- Required work
I'd like every entry returned exactly as it is, with the images left out.

Material shown START

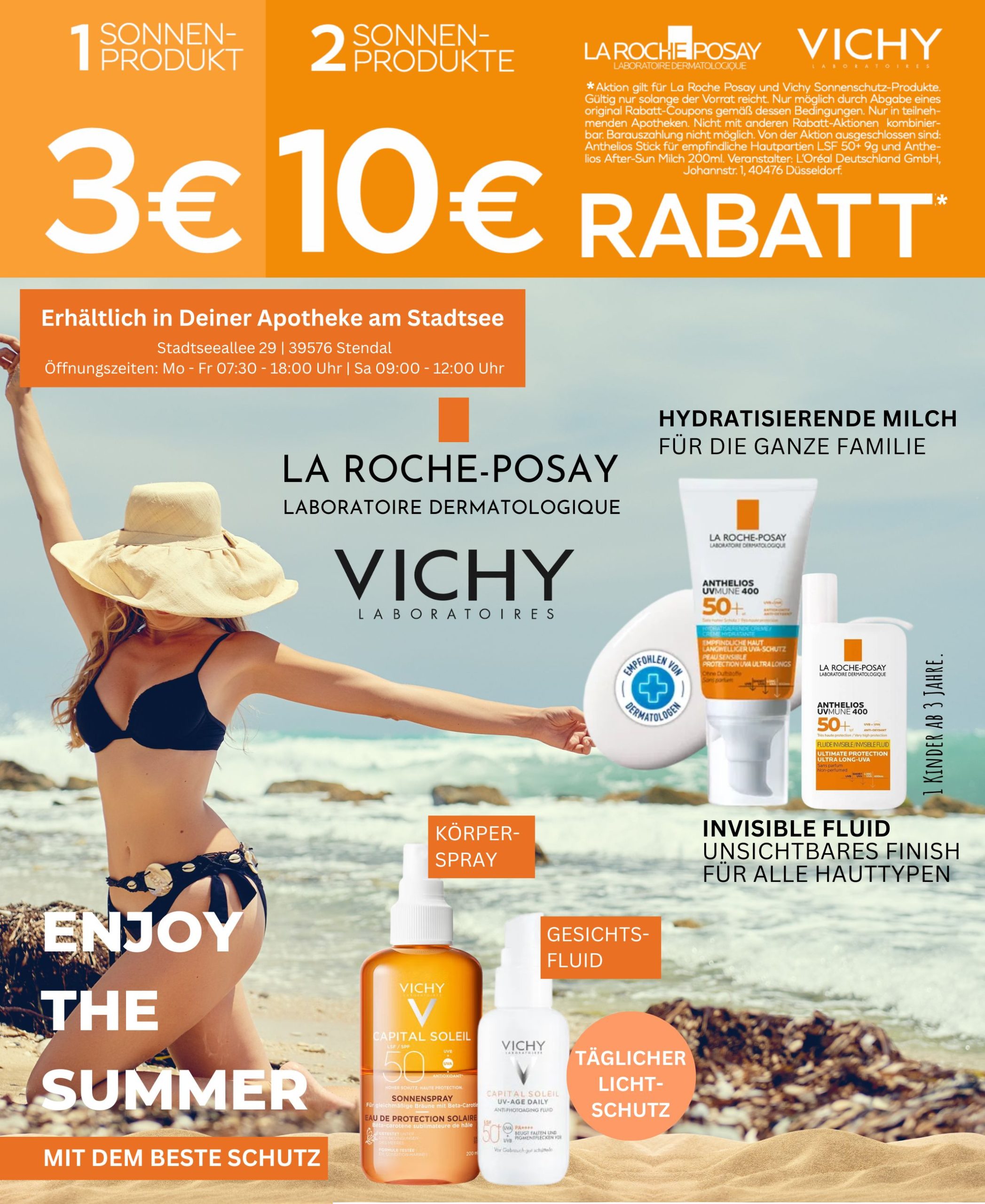 Sind Sie vielleicht noch auf der Suche nach dem passenden Sonnenschutzmittel oder haben Sie Fragen zu Ihrem Hauttyp und dem richtigen Lichtschutzfaktor? Kommen Sie gerne zu uns in die Apotheke am Stadtsee. Wir stehen Ihnen mit Rat und Tat zur Seite.
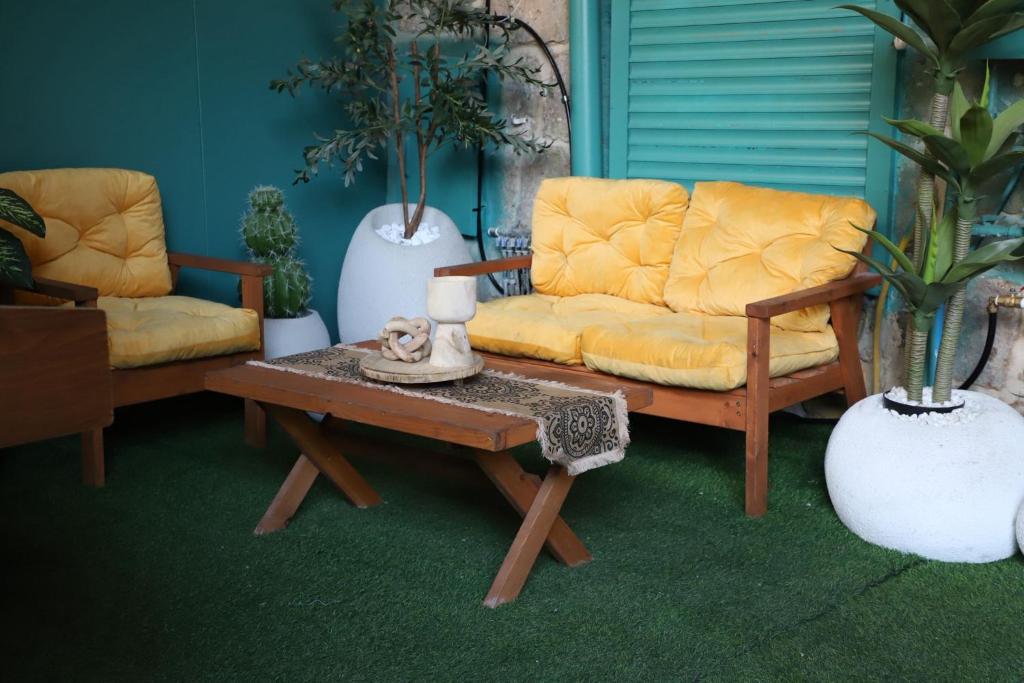 לסוויטה יש חצר פרטית ואינטימית עם פינת ישיבה מוצלת, עטופה בצמחייה ירוקה ואווירה פסטורלית ושלווה.
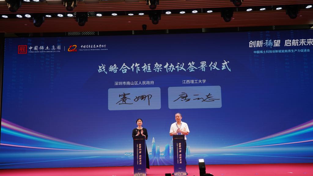 成立深圳创新研究院表示肯定,希望研究院进一步深化政产学研协同,强化关键核心技术攻关,推动创新成果落地转化,赋能新质生产力发展,为我国稀土产业高质量发展贡献更大力量。
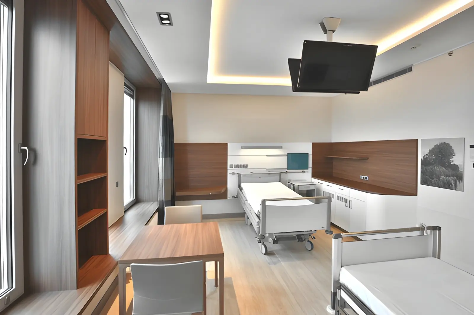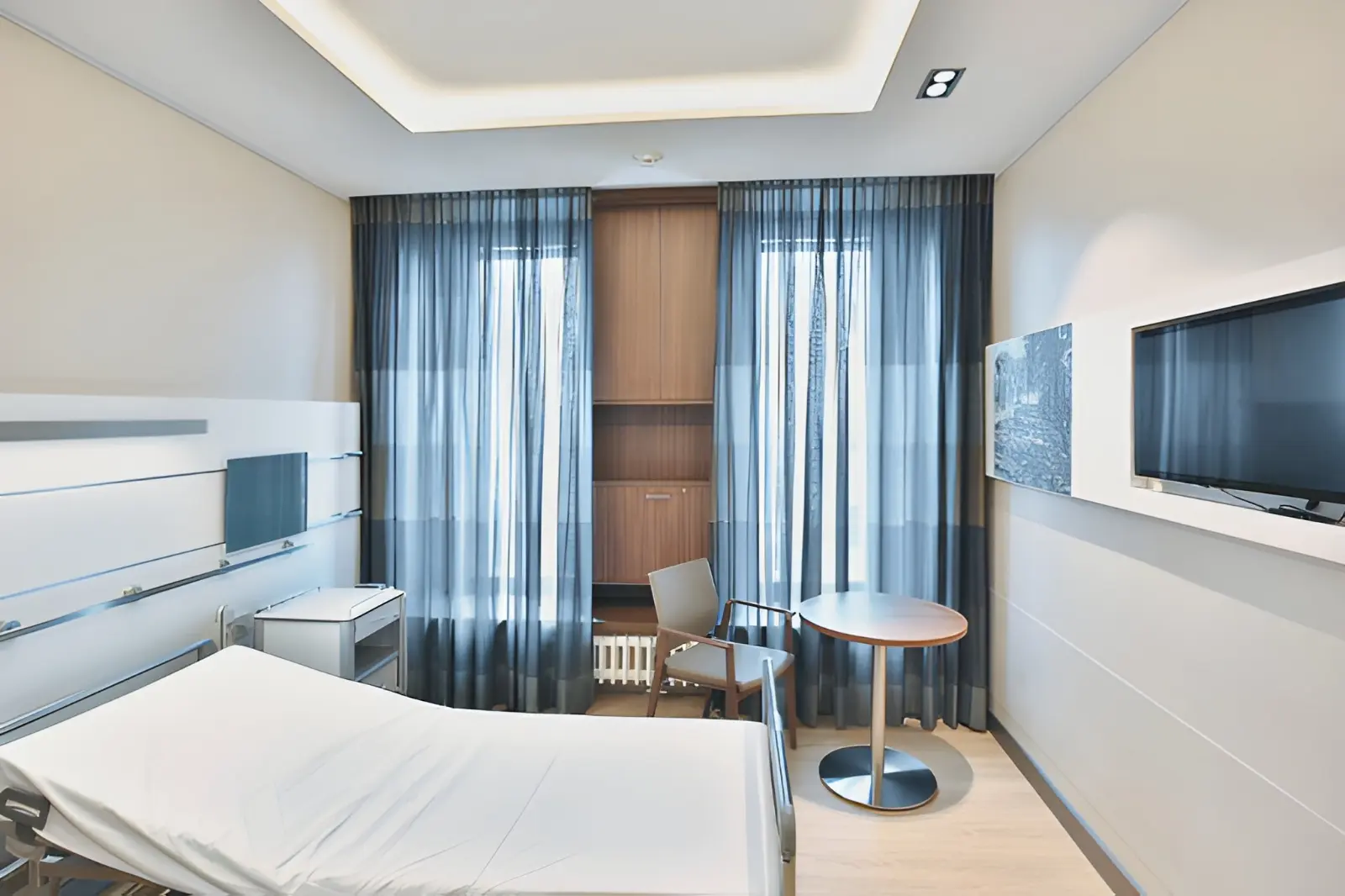 In enger Partnerschaft mit der Charité wurden sterile Patientenzimmer durch eine warme, wohnliche Umgebung ersetzt. Elegante Holzoberflächen, helle Möbel und indirekte Beleuchtung, ergänzt durch integrierte Stauräume und einen von Hotels inspirierten Sanitärbereich, schaffen eine einladende Atmosphäre, die die Genesung der Patienten unterstützt.
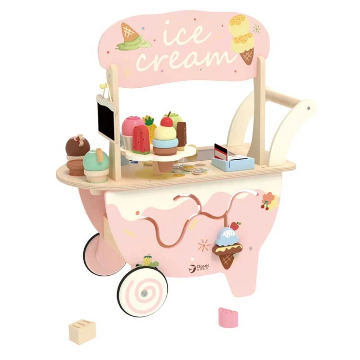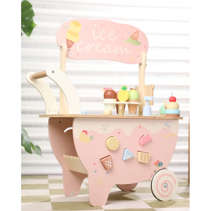 Удобна дръжка за бутане, което позволява на детето да я движи свободно из стаята – точно като истински уличен продавач на сладолед;
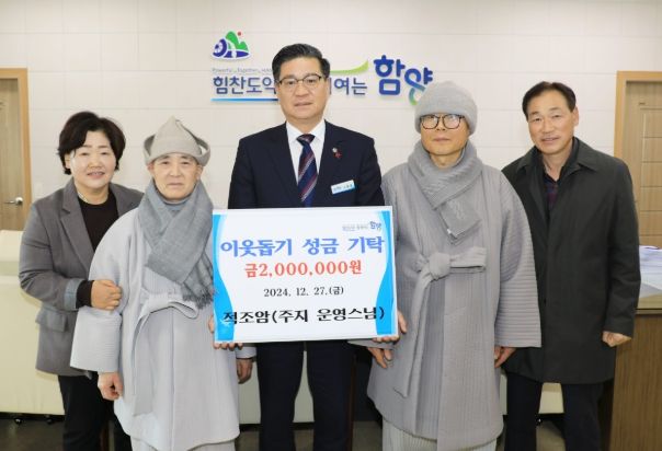 [경남도민뉴스=장광동 기자] 함양군 휴천면에 위치한 적조암의 주지 운영스님이 27일 함양군청을 방문하여 지역의 어려운 이웃을 돕기 위해 성금 200만 원을 기탁했다.
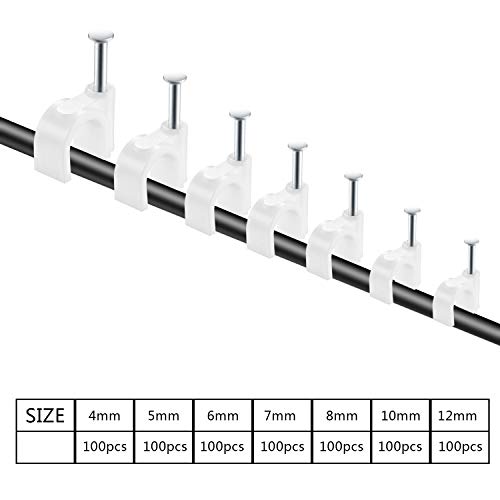 700 Pezzi Fermacavi Rotondi, Chiodi in Acciaio Fascetta per Cavi, Fascette Clip Serracavo con Chiodi per Cavi (4mm, 5mm, 6mm, 7mm, 8mm, 10mm, 12mm)
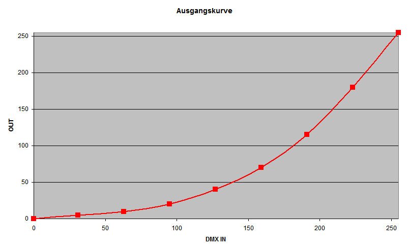 9 Bytes sind Kurvendaten, die im vorliegenden Falle die folgende Regelkurve ergeben. Bitte beachten Sie, daß der e:cue Controller alle Werte
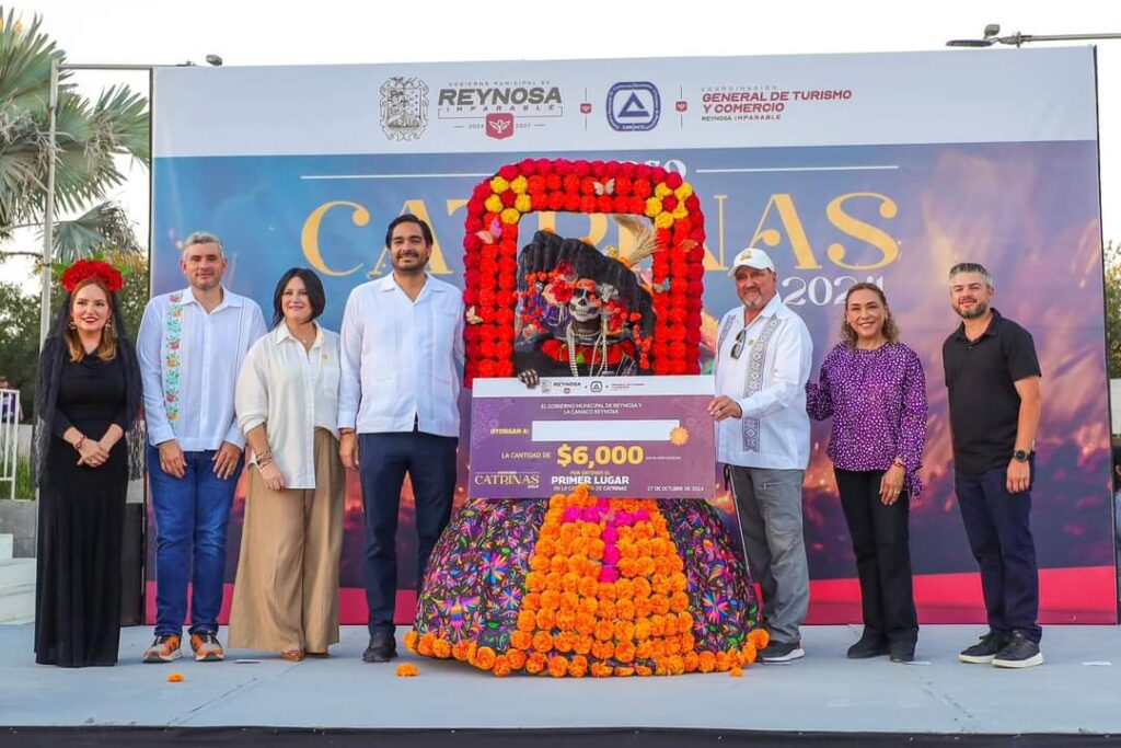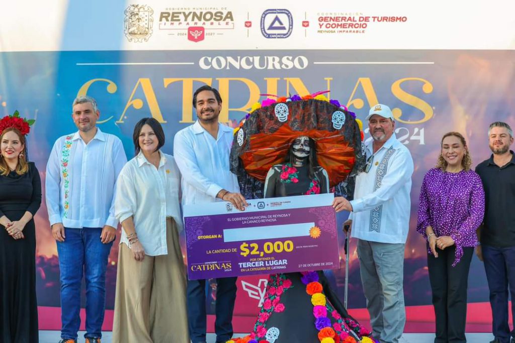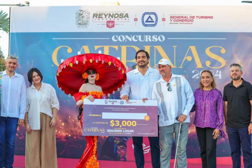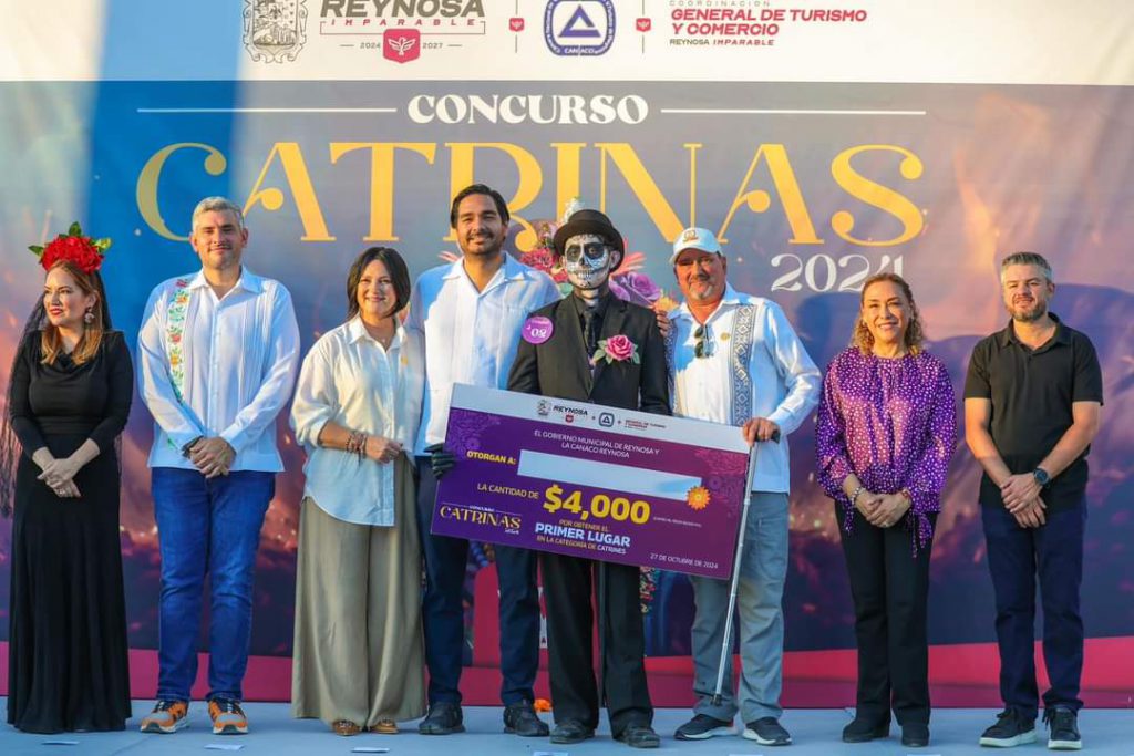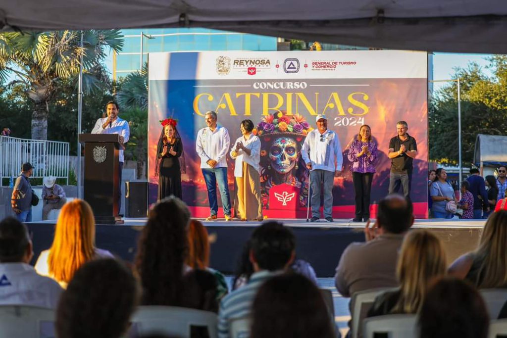 En un emotivo, colorido y vibrante evento, el Alcalde Carlos Peña Ortiz presidió ante más de Mil asistentes, el Concurso de Catrinas 2024, celebrando la rica herencia cultural mexicana, el cual fue organizado por la Cámara de Comercio, Servicios y Turismo de Reynosa que preside Gildardo López Hinojosa, con la colaboración del Ayuntamiento.
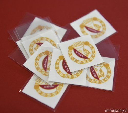 Średnica 3 cm sprawia, że doskonale wygląda na dłoni, ramieniu lub policzku – idealny gadżet na mecz, event lub spotkanie fanów.
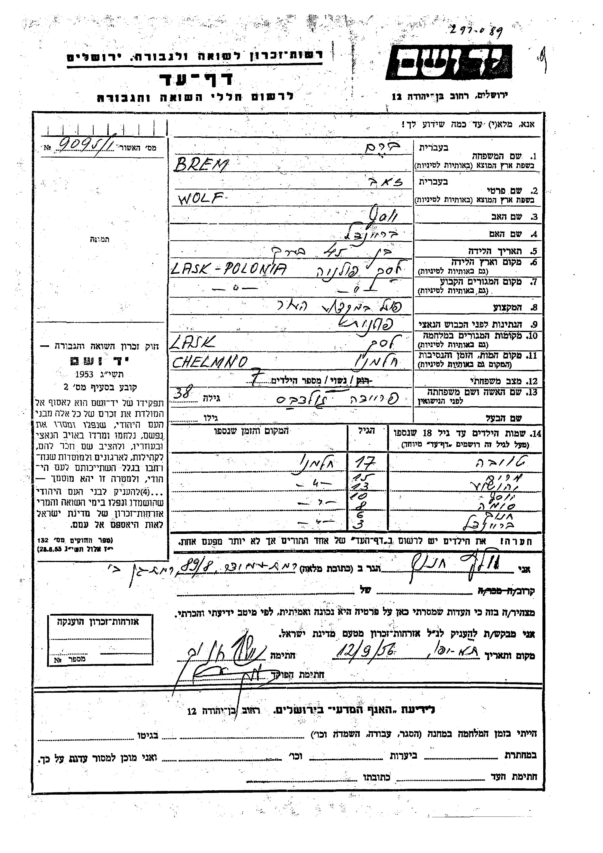 Brem Khanokh Lask, Pologne Feuille de témoignage
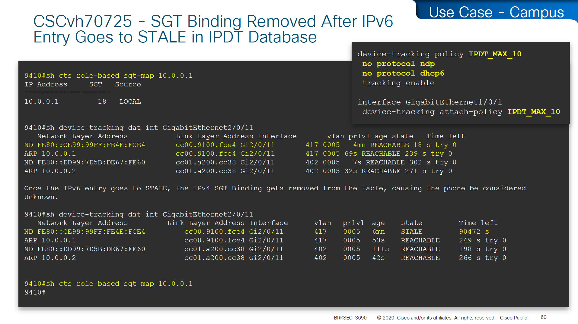 you will see that in above output we see destination tag as 0, because we are running this command on ingress or access layer where there is no info about destination host or its assigned SGT
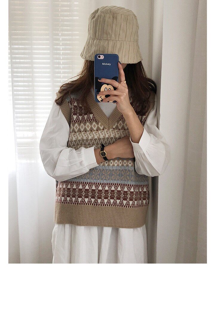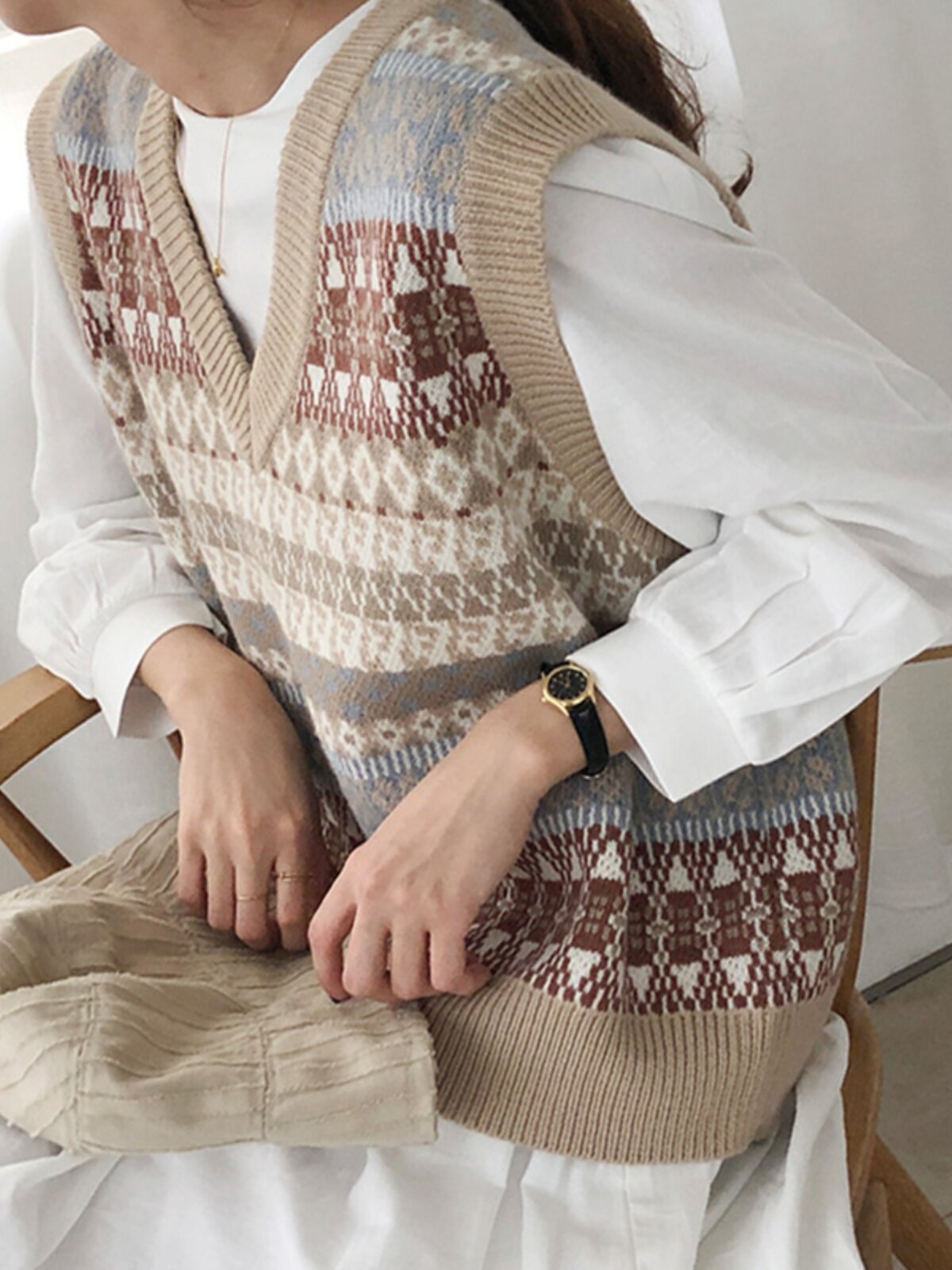 Демисезонный жилет, пуховик без рукавов, трикотажный свитер, V-образный вырез, со снежинками
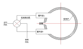 如图 2 所示,当常温空气经过蓄热室(蓄热室 AB 内装高铝耐火球)A 时,蓄热室 A 内的耐火球的热量传给了空气,使空气达到 1100℃以上的高温,经过风口 A 返回给炉膛助燃;燃烧产物(烟气)经过风口 B 进入蓄热室 B 将热量传给蓄热室 B 内的耐火球。换向后风口 B 返回热空气给炉膛助燃,风口 A 排烟气给蓄热室 A 的耐火球蓄热。AB 风口进入热空气、排出热烟气反复更换,耐火球放热、蓄热也伴随变化,助燃风进入炉膛温度始终保持在 1000-1100℃(比炉温低 80~150℃)以上。按国内公认的加热炉节能理论,助燃风每提高 100℃节能约 5%。在蓄热系统按上述交替方法工作的同时,燃料燃烧系统按照未进行蓄热式改造前的原有方式正常工作,向大气的排烟温度低于 150℃。

Material shown END

- Task result
 Sind Sie vielleicht noch auf der Suche nach dem passenden Sonnenschutzmittel oder haben Sie Fragen zu Ihrem Hauttyp und dem richtigen Lichtschutzfaktor? Kommen Sie gerne zu uns in die Apotheke am Stadtsee. Wir stehen Ihnen mit Rat und Tat zur Seite.
 לסוויטה יש חצר פרטית ואינטימית עם פינת ישיבה מוצלת, עטופה בצמחייה ירוקה ואווירה פסטורלית ושלווה.
 成立深圳创新研究院表示肯定,希望研究院进一步深化政产学研协同,强化关键核心技术攻关,推动创新成果落地转化,赋能新质生产力发展,为我国稀土产业高质量发展贡献更大力量。
 In enger Partnerschaft mit der Charité wurden sterile Patientenzimmer durch eine warme, wohnliche Umgebung ersetzt. Elegante Holzoberflächen, helle Möbel und indirekte Beleuchtung, ergänzt durch integrierte Stauräume und einen von Hotels inspirierten Sanitärbereich, schaffen eine einladende Atmosphäre, die die Genesung der Patienten unterstützt.
 Удобна дръжка за бутане, което позволява на детето да я движи свободно из стаята – точно като истински уличен продавач на сладолед;
 [경남도민뉴스=장광동 기자] 함양군 휴천면에 위치한 적조암의 주지 운영스님이 27일 함양군청을 방문하여 지역의 어려운 이웃을 돕기 위해 성금 200만 원을 기탁했다.
 700 Pezzi Fermacavi Rotondi, Chiodi in Acciaio Fascetta per Cavi, Fascette Clip Serracavo con Chiodi per Cavi (4mm, 5mm, 6mm, 7mm, 8mm, 10mm, 12mm)
 9 Bytes sind Kurvendaten, die im vorliegenden Falle die folgende Regelkurve ergeben. Bitte beachten Sie, daß der e:cue Controller alle Werte
 En un emotivo, colorido y vibrante evento, el Alcalde Carlos Peña Ortiz presidió ante más de Mil asistentes, el Concurso de Catrinas 2024, celebrando la rica herencia cultural mexicana, el cual fue organizado por la Cámara de Comercio, Servicios y Turismo de Reynosa que preside Gildardo López Hinojosa, con la colaboración del Ayuntamiento.
 Średnica 3 cm sprawia, że doskonale wygląda na dłoni, ramieniu lub policzku – idealny gadżet na mecz, event lub spotkanie fanów.
 Brem Khanokh Lask, Pologne Feuille de témoignage
 you will see that in above output we see destination tag as 0, because we are running this command on ingress or access layer where there is no info about destination host or its assigned SGT
 Демисезонный жилет, пуховик без рукавов, трикотажный свитер, V-образный вырез, со снежинками
 如图 2 所示,当常温空气经过蓄热室(蓄热室 AB 内装高铝耐火球)A 时,蓄热室 A 内的耐火球的热量传给了空气,使空气达到 1100℃以上的高温,经过风口 A 返回给炉膛助燃;燃烧产物(烟气)经过风口 B 进入蓄热室 B 将热量传给蓄热室 B 内的耐火球。换向后风口 B 返回热空气给炉膛助燃,风口 A 排烟气给蓄热室 A 的耐火球蓄热。AB 风口进入热空气、排出热烟气反复更换,耐火球放热、蓄热也伴随变化,助燃风进入炉膛温度始终保持在 1000-1100℃(比炉温低 80~150℃)以上。按国内公认的加热炉节能理论,助燃风每提高 100℃节能约 5%。在蓄热系统按上述交替方法工作的同时,燃料燃烧系统按照未进行蓄热式改造前的原有方式正常工作,向大气的排烟温度低于 150℃。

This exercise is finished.